The copy you return should hold every record below word for word and no images.

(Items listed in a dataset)
□ □ □ □ □ □ □
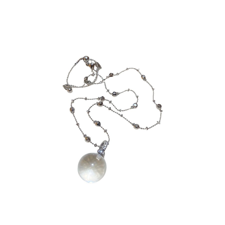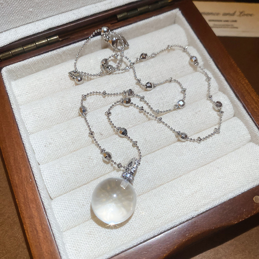 Diamond-embedded Heart Geometric Round Pendant Crystal Necklace
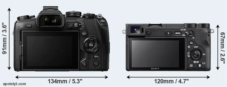 La taille physique et le poids du Olympus E-M1 II et du Sony A6500 sont illustrés dans le graphique ci-dessous. Les deux caméras sont affichées en fonction de leur taille relative. Toutes les dimensions sont arrondies au millimètre près.
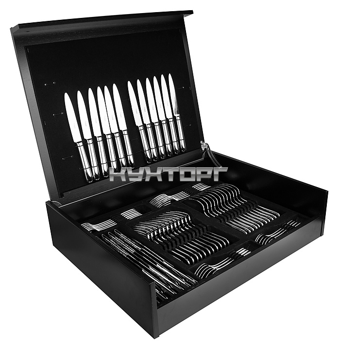 В комплект поставки входят 12 столовых ножей, 12 столовых вилок, 12 столовых ложек, 12 чайных ложек, 12 десертных ножей и 12 десертных вилок.
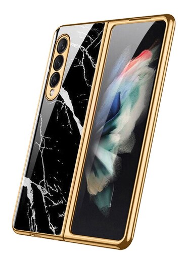 MARGOUN for Samsung Galaxy Z Fold 3 5G Case Luxury Plating Cover with Screen Protector Glass Hybrid Full Body Protection
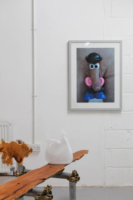 The work continues with the themes in his last show at London’s LARA, which explored the world of pranks and ‘abuse of power’ with physical material.
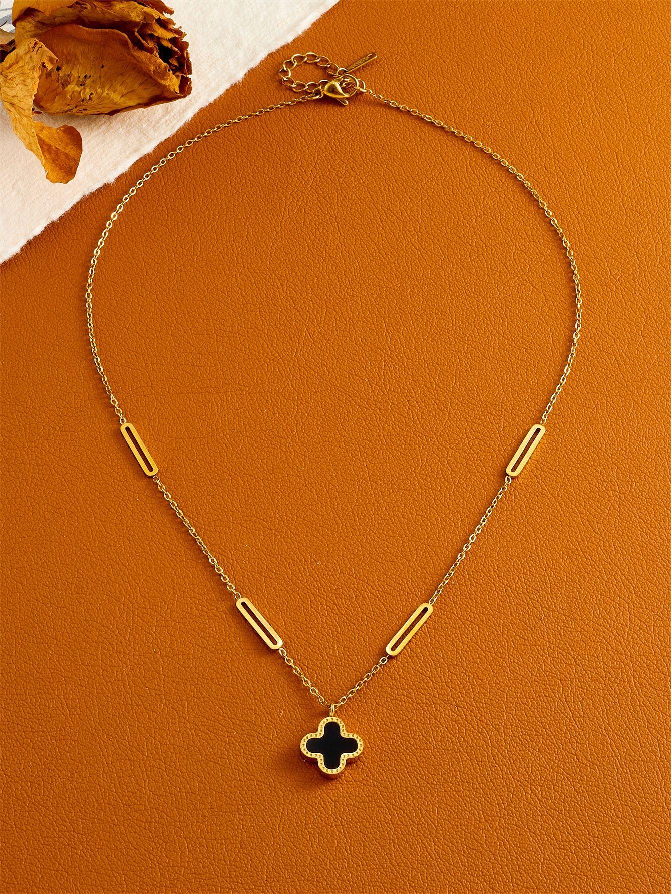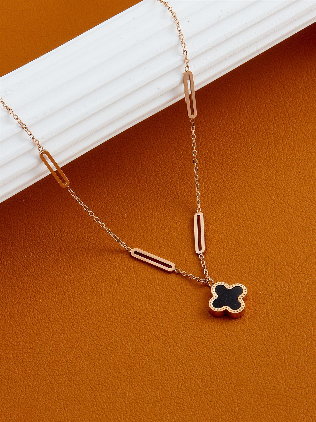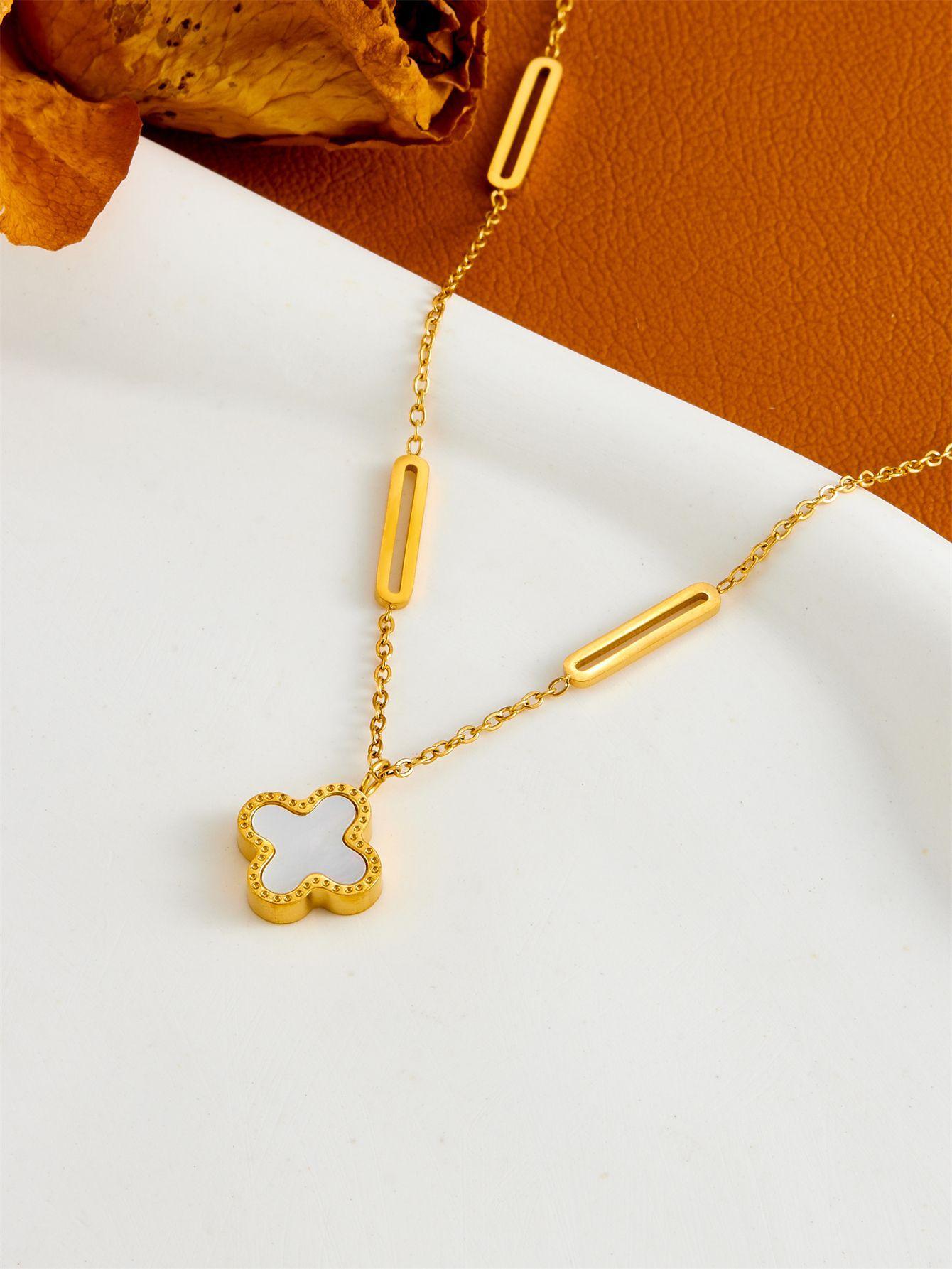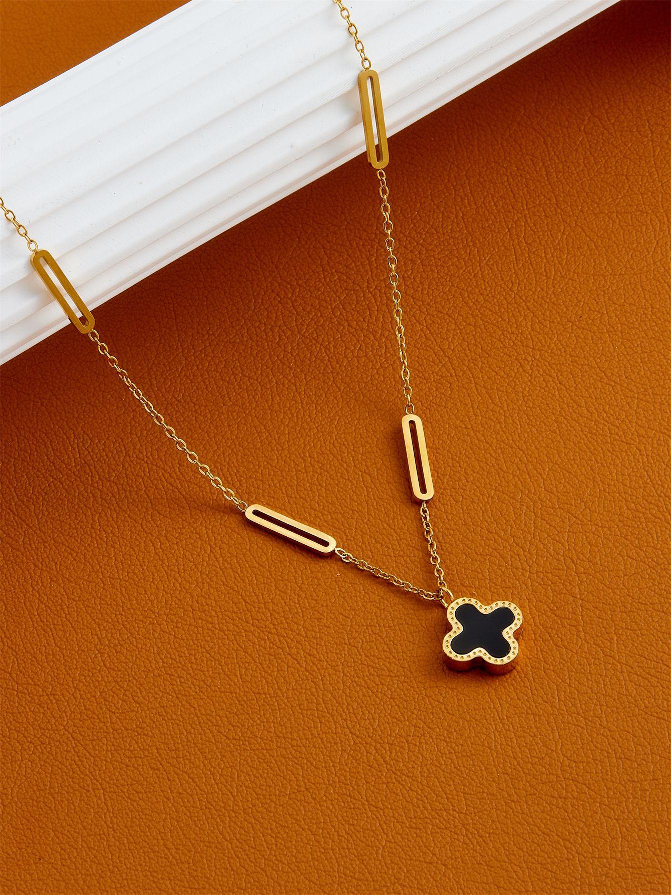 Compre Colar de aço de titânio de dupla face de trevo de quatro folhas feminino com pingente de trevo corrente de clavícula novo colar de luxo acessível design de nicho não no atacado no Joom.pro
□ □ □ □ □ □ □
Answer to the exercise
 Diamond-embedded Heart Geometric Round Pendant Crystal Necklace
 La taille physique et le poids du Olympus E-M1 II et du Sony A6500 sont illustrés dans le graphique ci-dessous. Les deux caméras sont affichées en fonction de leur taille relative. Toutes les dimensions sont arrondies au millimètre près.
 В комплект поставки входят 12 столовых ножей, 12 столовых вилок, 12 столовых ложек, 12 чайных ложек, 12 десертных ножей и 12 десертных вилок.
 MARGOUN for Samsung Galaxy Z Fold 3 5G Case Luxury Plating Cover with Screen Protector Glass Hybrid Full Body Protection
 The work continues with the themes in his last show at London’s LARA, which explored the world of pranks and ‘abuse of power’ with physical material.
 Compre Colar de aço de titânio de dupla face de trevo de quatro folhas feminino com pingente de trevo corrente de clavícula novo colar de luxo acessível design de nicho não no atacado no Joom.pro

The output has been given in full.